Un sentiment de profonde satisfaction se répand. Le ski de pente raide est l'une des dernières disciplines des sports de montagne sans règles de compétition, l'un des derniers refuges pour les aventuriers individualistes. Décédé en juillet 2024 à l’âge de 87 ans, Sylvain Saudan était un pionnier du ski de pente raide. Il a notamment été le premier à descendre la face est du Mont Rose. Lorsqu'on lui a demandé ce qui l'avait poussé, jeune homme, à skier les parois les plus raides il a répondu : « Je voulais simplement me découvrir moi-même ». Chris hoche la tête en signe d'approbation. Il ne s'agit pas de degrés d'inclinaison de la pente, ni de sensations. Skier des pentes raides est comparable à l’éternel rêve de l'humanité : voler. « Ce qui compte, c'est de vivre ce rêve. »

Descentes classiques de pente raide dans les Alpes

1. Couloir Barbey (3898 m), Chamonix

Pente : 45-50 degrés
Dénivelé : 600-700 hm
Difficulté : AD
Exposition : E
Meilleure saison : avril / mi- mai
Point de départ : Argentière, station supérieure des Grands Montets (3295 m)

La métropole de l'alpinisme au pied du Mont Blanc est l'un des berceaux du ski extrême dans les Alpes. Des descentes comme le couloir Gervasutti (Mont Blanc du Tacul), le couloir Whymper (Aiguille Verte) ou le couloir Mallory (Aiguille du Midi) font partie des classiques. Moins connu, le couloir Barbey à l'Aiguille d'Argentière (3898 m), d’une inclinaison entre 45 et 50 degrés, n'en est pas moins fascinant. Vu de l'est, depuis Verbier, ce couloir ressemble à une fine face blanche verticale. La descente mène au glacier de Saleinaz. Le retour dans le domaine skiable d’Argentière s'effectue par le col du Chardonnet.

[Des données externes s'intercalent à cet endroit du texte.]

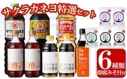サクラカネヨ特選セット!6種8本の万能調味料!5個のフリーズドライお味噌汁のセット!九州 鹿児島県産 濃口 甘露 甘め 甘口 の お醤油 等の調味料 と 時短 簡単 長期保存 の フリーズドライ お味噌汁 の セット!【A-1601H】
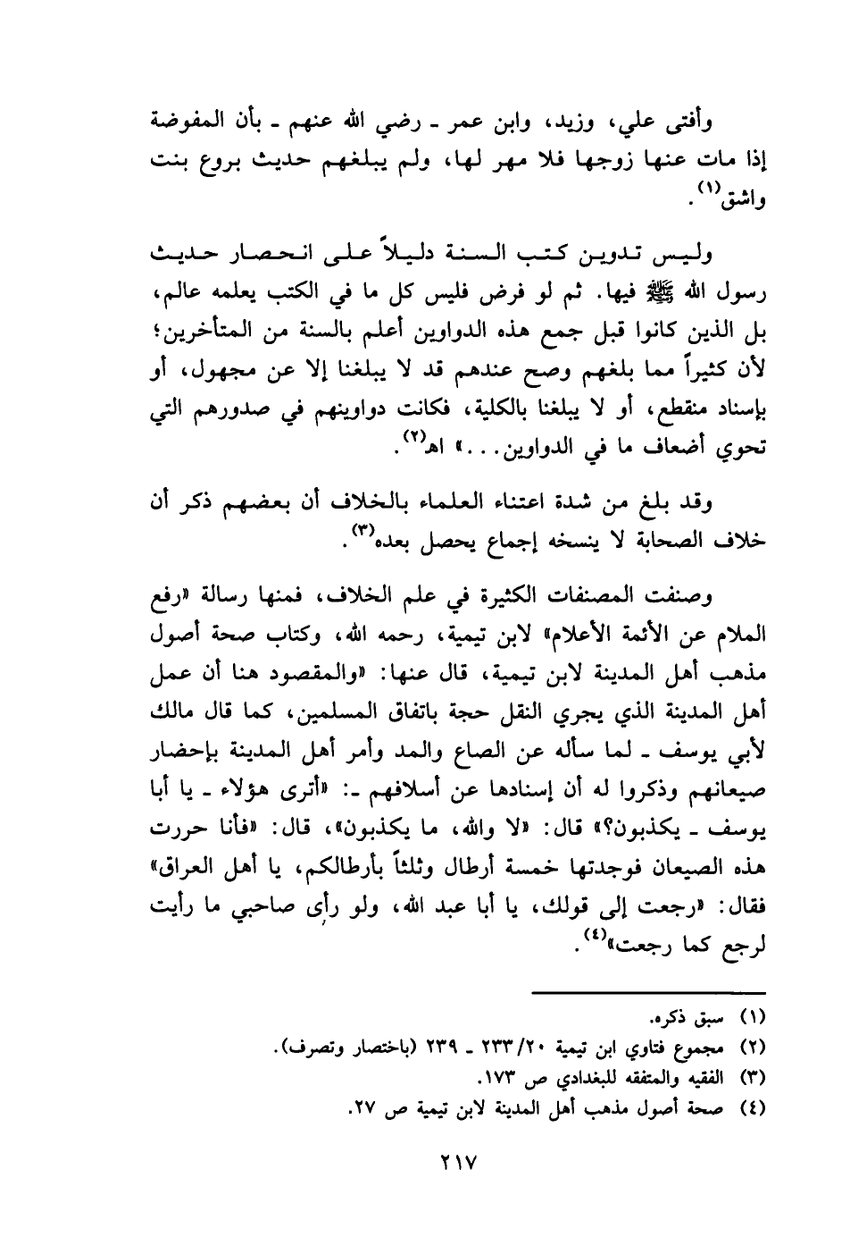 وصنفت المصنفات الْكَثِيرَة فِي علم الْخلاف، فَمِنْهَا رِسَالَة " رفع الملام عَن الْأَئِمَّة الْأَعْلَام " لِابْنِ تَيْمِية، رَحمَه الله، وَكتاب صِحَة أصُول مَذْهَب أهل الْمَدِينَة لِابْنِ تَيْمِية، قَالَ عَنْهَا: " وَالْمَقْصُود هُنَا أَن عمل أهل الْمَدِينَة الَّذِي يجْرِي النَّقْل حجَّة بِاتِّفَاق الْمُسلمين، كَمَا قَالَ مَالك لأبي يُوسُف - لما سَأَلَهُ عَن الصَّاع وَالْمدّ وَأمر أهل الْمَدِينَة بإحضار صيعانهم وَذكروا لَهُ أَن إسنادها عَن أسلافهم -: " أَتَرَى هَؤُلَاءِ - يَا أَبَا يُوسُف - يكذبُون؟ " قَالَ: " لَا وَالله، مَا يكذبُون "، قَالَ: " فَأَنا حررت هَذِه الصيعان فَوَجَدتهَا خَمْسَة أَرْطَال وَثلثا بأرطالكم، يَا أهل الْعرَاق " فَقَالَ: " رجعت إِلَى قَوْلك، يَا أَبَا عبد الله، وَلَو رأى صاحبى مَا رَأَيْت لرجع كَمَا رجعت ".
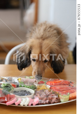 机の上のオードブルを狙うハイシニアのミニチュアダックス
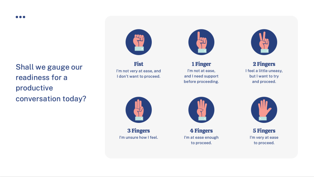 Third, it helps to determine participants’ readiness to engage in productive conversations and define common values to ground the convening.
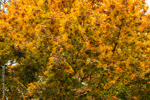 The foliage of a tree with yellow leaves, at an Autumn day in a park.
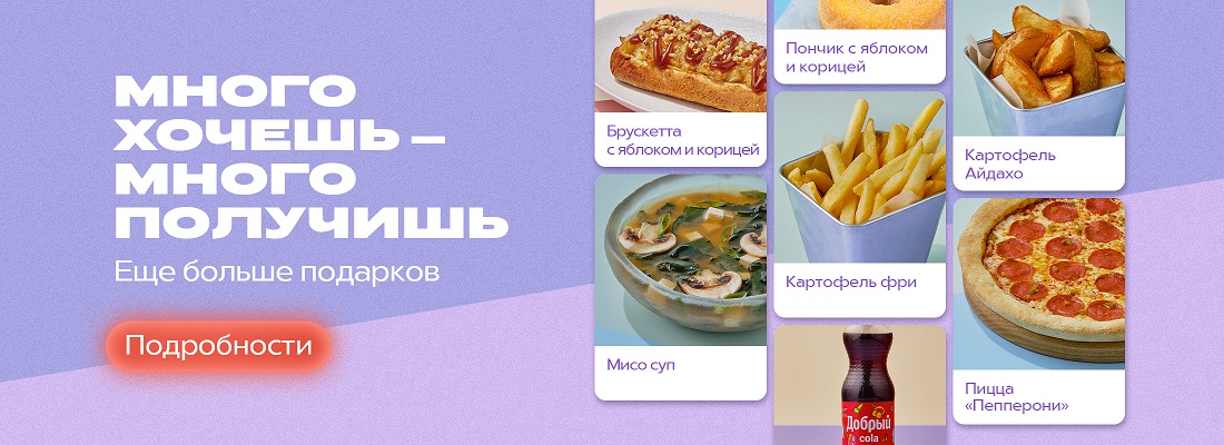 • В акции участвуют следующие подарочные позиции: Салат с фунчозой и курицей, Картофель фри, Пончик с яблоком и корицей, Добрый кола 1 л.
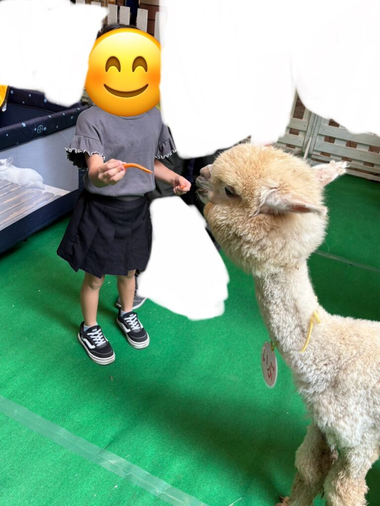 アルパカとヤギにニンジンの餌やりをしたり🥕

2. Piz Buin face est (3174 m), Silvretta 

Pente : 45-50 degrés
Dénivelé : 400-500 hm
Difficulté : AD
Exposition : E
Meilleure saison : mi-mars / fin avril
Point de départ : Chamanna Tuoi ou accès par la Wiesbadener Hütte et le Ochsentaler Gletscher

Sur le fil du rasoir des arêtes au-dessus des glaciers de la Silvretta, on a presque l'impression d'être dans les Alpes occidentales. La descente par le couloir de droite sans nom, quelque peu caché dans la face est du Piz Buin, est particulièrement attractif à ski. Le départ se fait près du P. 3174, au petit col entre le Wiesbadener Grätle et le sommet principal du Piz Buin. À l'entrée, le couloir bascule rapidement dans une raideur qui fait disparaître la suite. Interdiction de s’y lancer en cas de présence de glace. Mais lorsque la neige croche bien, c'est une descente de pente raide de première classe.

3. Couloir Holzer (2900 m), Sella, Dolomites 

Pente : 40-45 degrés
Dénivelé : 500 hm (plus 500 m moins raides dans le Val Lasties)
Difficulté : AD
Exposition : N
Meilleure saison : début mars / mi-avril
Point de départ : station supérieure de Sas de Pordoi (2950 m)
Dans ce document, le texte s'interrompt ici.